Laotian authorities reportedly deported an ethnic Uighur asylum seeker and his family to China in March, three months after 20 of his compatriots were forcibly deported by Cambodian authorities.
The new information – contained in a recent media report – comes a year after Cambodia’s controversial deportation of the Uighurs, which triggered a firestorm of criticism from rights activists and foreign governments.
Last week, Radio Free Asia reported that Memet Eli Rozi, 34, his 28-year-old wife Gulbahar Sadiq and their five children were expelled from Laos in March.
Rozi was reportedly one of the 22 Uighurs who entered Cambodia in search of asylum in late 2009, after fleeing ethnic rioting in China’s Xinjiang province in July.
The report claims he was one of just two of the group who managed to escape before their deportation from Cambodia on December 19.
After his escape from Cambodia, Rozi secretly entered Laos and later asked his family to join him from Guangzhou in southern China, according to an interview with Gulbahar Sadiq.
The family were apprehended by Laotian authorities upon arrival, she told RFA, and were deported to China where they were interrogated by Xinjiang officials for 32 days.
The article claims Memet Eli Rozi’s current location is unknown, while his wife and children have been released to their hometown in the west of the province.
The news falls close to the first anniversary of Cambodia’s deportation of the 20 Uighurs, a move which many rights groups have linked to Beijing’s approval of US$1.2 billion in loans and investment to Cambodia the same week.
In a statement on Friday, Human Rights Watch called Chinese officials to account for the whereabouts of the Uighurs, saying the government had “consistently refused” to provide information about their status and well-being.
“Uighurs deported to China are at clear risk of torture,” Sophie Richardson, HRW’s Asia advocacy director, said in the statement. “China’s failure to account for any of those asylum seekers a year after their forced return is extremely worrying.”
She said the case was “a stark reminder that no country should deport Uighur asylum seekers back to China”.
Ma Zhaoxu, a Chinese Foreign Ministry spokesman, said in a written statement to The New York Times in February that China was a country “ruled by law” and was set to implement it in the case of the Uighurs, who were set to stand trial for committing “criminal” acts.
No other information has since been given on the fate of the 20 Uighurs, nor of Memet Eli Rozi and the other Uighur from Cambodia whose whereabouts are still unknown.

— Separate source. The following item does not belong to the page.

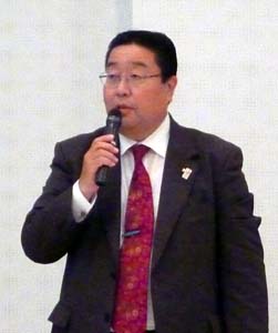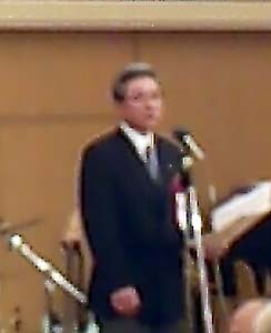 地区ガバナーズ・スローガン「誇りを持って・よく生き、よく笑い、よき奉仕に出会う」 歓迎の挨拶を述べる中澤RC、ガバナーの経歴紹介は山下キャビネット幹事、牛木ガバナーの挨拶
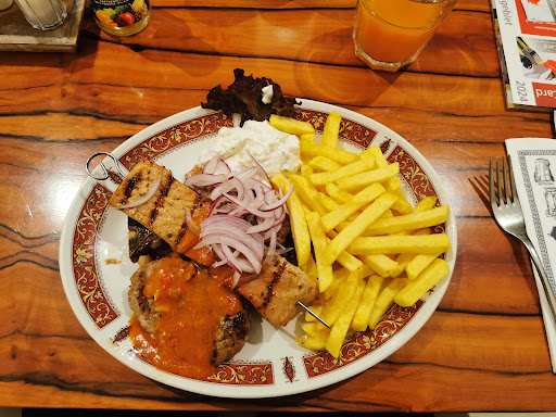 Read moreNach Starlight Express am 21.05.25 wollten wir noch etwas Essen.Das H+Hotel was schon eine Enttäuschung für das Geld.An der Rezeption wurde uns eine Liste gegeben für Restaurants.Tratoria Momo hatte einfach unverschämte Preise,war auch nicht der Kracher in diesem Kioskartigen Gebäude.Dann blieb leider nur der Grieche übrig.Ein sehr verwahrloster Hund,lag in der Eingangstür.Eigentlich hätten wir da schon gehen sollen. Das Lokal hat eventuell mal bessere Zeiten erlebt. Jetzt sehr runtergekommen,die Menge an verstaubten Statuen und Plastikblumen,aber allgemein das doch sehr vernachlässige, renovierungsbedürftig Lokal ähnelt er einer Bahnhofs-Pommesbude. Speiskarten, wie beim Italiener als Platzdecken, blieben aber nicht liegen,sondern waren total zerlummt und wurden weggenommen,kamen wohl später wieder auf die Tische.Als das Essen von einer älteren Frau gebracht wurde, war der 1.Eindruck, gegessen und wieder ausgespuckt. Sorry alte Teller,Personal schmutzig gekleidet und dann Ayva aus dem Glas auf Fleisch das den Fotos nicht im geringsten ähnlich sah.Aubergine nicht gebraten sondern paniert und dann auch noch zum Teil roh.Salat mit Putenfleisch lieblos das gesamte Fleisch auf den Teller geknallt. Gehört geschnitten,Mengen an Krautsalt dabei, und dann Preise 13.90 Salat und 16.50 das undiffinierbare AyvaReis "Ungebratene Fleisch" mit locker 200g Ayvasosse drauf. Das schlimmste kam am 22.mein Mann hatte ab Morgens Magenkrämpfe, musste spucken und Magenprobleme bis heute zu am 24.05. H+ Hotel sollte seine Empfehlungen mal überdenken und dieses Lokal mal über eine Schließung nachdenken. NICHT...

In a statement on Thursday, Jesuit Refugee Services, which helped the Uighurs during their ill-fated asylum bid, said the deportees would likely have faced harsh treatment at the hands of the Chinese authorities.
It stated that one of the Uighur men had spoken to JRS about “the daily beatings and torture” he suffered whilst in a labour camp in China.
“While in Cambodia he spoke publicly about this persecution and for this reason it is likely that upon return he has either been executed, imprisoned or again subjected to the horrors of re-education through labour.
“We call on the international community to stand vigilant against forced returns on this sad anniversary,” JRS said.